**What to work on:**
In the material below, the required lines run from the one containing "Contoh Teks Debat" through the one containing "If you like". Copy those lines exactly, ends included, and nothing else.

**Stored data:**
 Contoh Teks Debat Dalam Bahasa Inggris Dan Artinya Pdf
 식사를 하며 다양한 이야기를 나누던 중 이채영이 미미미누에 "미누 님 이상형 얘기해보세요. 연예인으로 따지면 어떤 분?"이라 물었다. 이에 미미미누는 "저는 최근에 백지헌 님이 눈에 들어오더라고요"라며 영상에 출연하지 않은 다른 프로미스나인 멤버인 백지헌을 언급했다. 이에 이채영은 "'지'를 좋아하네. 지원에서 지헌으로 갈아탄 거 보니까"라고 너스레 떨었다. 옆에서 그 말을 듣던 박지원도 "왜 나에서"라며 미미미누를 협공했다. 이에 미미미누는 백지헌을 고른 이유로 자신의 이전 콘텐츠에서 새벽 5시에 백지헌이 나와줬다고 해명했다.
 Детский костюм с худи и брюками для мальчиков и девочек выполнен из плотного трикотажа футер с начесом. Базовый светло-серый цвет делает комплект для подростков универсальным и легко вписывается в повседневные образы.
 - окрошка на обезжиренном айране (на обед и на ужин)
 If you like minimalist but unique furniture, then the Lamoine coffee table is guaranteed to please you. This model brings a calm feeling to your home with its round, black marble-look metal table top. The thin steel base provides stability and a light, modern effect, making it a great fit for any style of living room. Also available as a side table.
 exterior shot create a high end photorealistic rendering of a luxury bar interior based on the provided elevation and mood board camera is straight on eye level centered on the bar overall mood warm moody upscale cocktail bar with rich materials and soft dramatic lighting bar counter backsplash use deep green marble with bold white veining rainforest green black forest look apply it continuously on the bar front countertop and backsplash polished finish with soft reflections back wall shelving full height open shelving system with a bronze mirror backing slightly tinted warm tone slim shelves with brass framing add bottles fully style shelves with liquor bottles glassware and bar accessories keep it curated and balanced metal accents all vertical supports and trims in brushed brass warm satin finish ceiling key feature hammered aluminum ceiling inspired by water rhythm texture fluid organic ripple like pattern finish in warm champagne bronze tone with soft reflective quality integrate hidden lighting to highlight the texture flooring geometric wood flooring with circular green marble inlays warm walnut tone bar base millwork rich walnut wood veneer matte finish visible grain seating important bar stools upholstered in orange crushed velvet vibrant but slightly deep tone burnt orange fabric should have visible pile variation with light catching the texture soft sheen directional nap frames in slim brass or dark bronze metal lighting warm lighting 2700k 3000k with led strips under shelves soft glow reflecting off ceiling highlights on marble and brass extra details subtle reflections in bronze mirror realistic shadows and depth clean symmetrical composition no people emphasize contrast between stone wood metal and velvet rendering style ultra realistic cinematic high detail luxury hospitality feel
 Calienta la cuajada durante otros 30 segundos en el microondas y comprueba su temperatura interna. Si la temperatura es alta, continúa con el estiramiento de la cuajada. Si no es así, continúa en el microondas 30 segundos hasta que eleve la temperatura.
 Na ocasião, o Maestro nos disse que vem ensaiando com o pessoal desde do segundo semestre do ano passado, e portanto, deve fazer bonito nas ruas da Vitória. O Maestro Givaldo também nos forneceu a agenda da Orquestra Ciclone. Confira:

...

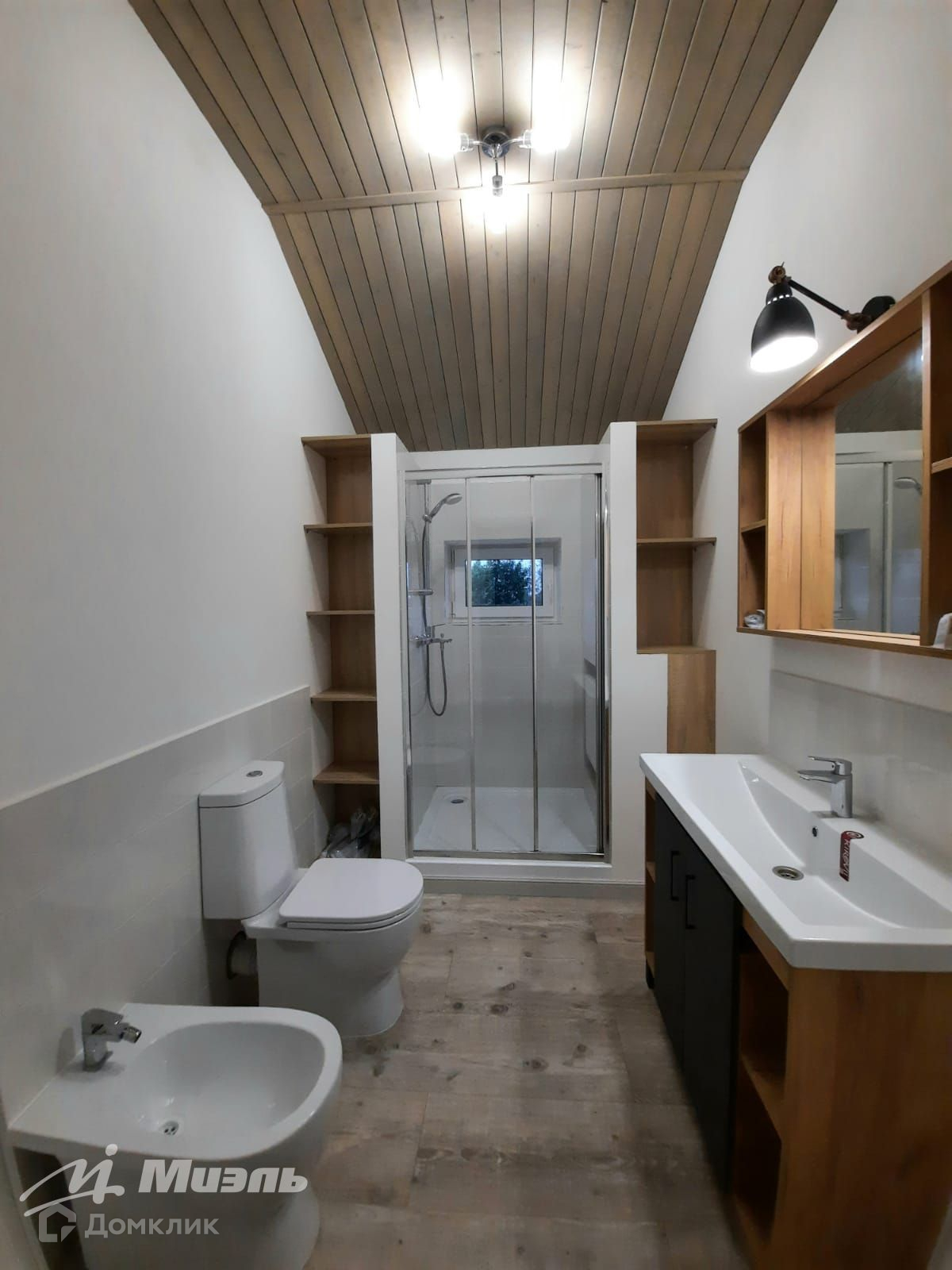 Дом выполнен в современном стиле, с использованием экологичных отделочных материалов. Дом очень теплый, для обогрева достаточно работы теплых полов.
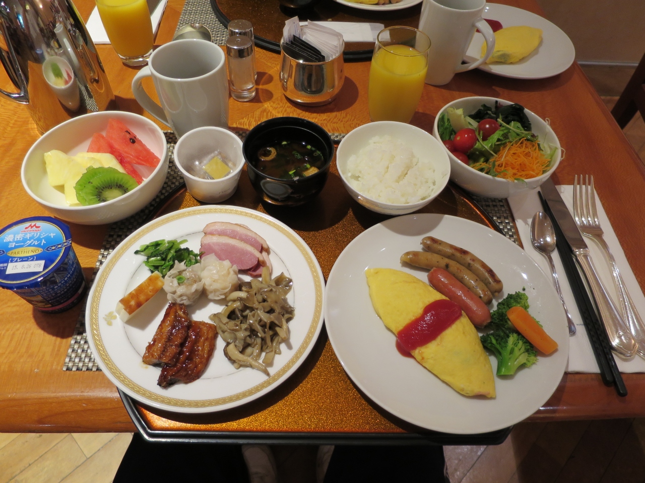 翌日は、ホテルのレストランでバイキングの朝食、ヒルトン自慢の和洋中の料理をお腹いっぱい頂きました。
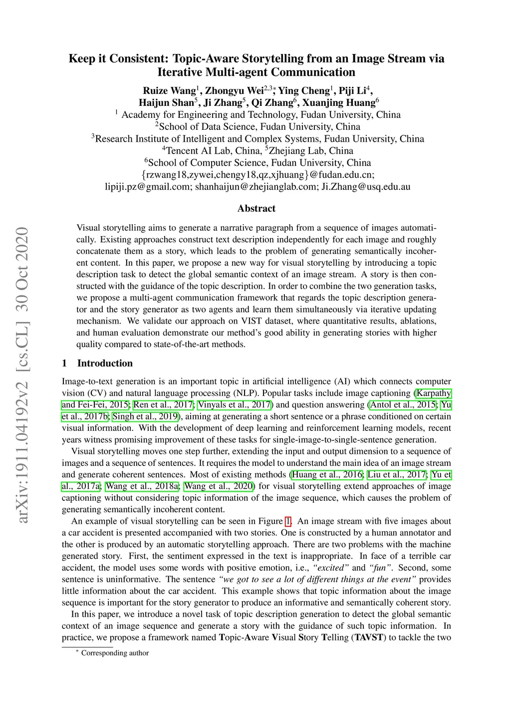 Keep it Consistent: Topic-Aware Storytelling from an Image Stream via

**Problem solution:**
 Contoh Teks Debat Dalam Bahasa Inggris Dan Artinya Pdf
 식사를 하며 다양한 이야기를 나누던 중 이채영이 미미미누에 "미누 님 이상형 얘기해보세요. 연예인으로 따지면 어떤 분?"이라 물었다. 이에 미미미누는 "저는 최근에 백지헌 님이 눈에 들어오더라고요"라며 영상에 출연하지 않은 다른 프로미스나인 멤버인 백지헌을 언급했다. 이에 이채영은 "'지'를 좋아하네. 지원에서 지헌으로 갈아탄 거 보니까"라고 너스레 떨었다. 옆에서 그 말을 듣던 박지원도 "왜 나에서"라며 미미미누를 협공했다. 이에 미미미누는 백지헌을 고른 이유로 자신의 이전 콘텐츠에서 새벽 5시에 백지헌이 나와줬다고 해명했다.
 Детский костюм с худи и брюками для мальчиков и девочек выполнен из плотного трикотажа футер с начесом. Базовый светло-серый цвет делает комплект для подростков универсальным и легко вписывается в повседневные образы.
 - окрошка на обезжиренном айране (на обед и на ужин)
 If you like minimalist but unique furniture, then the Lamoine coffee table is guaranteed to please you. This model brings a calm feeling to your home with its round, black marble-look metal table top. The thin steel base provides stability and a light, modern effect, making it a great fit for any style of living room. Also available as a side table.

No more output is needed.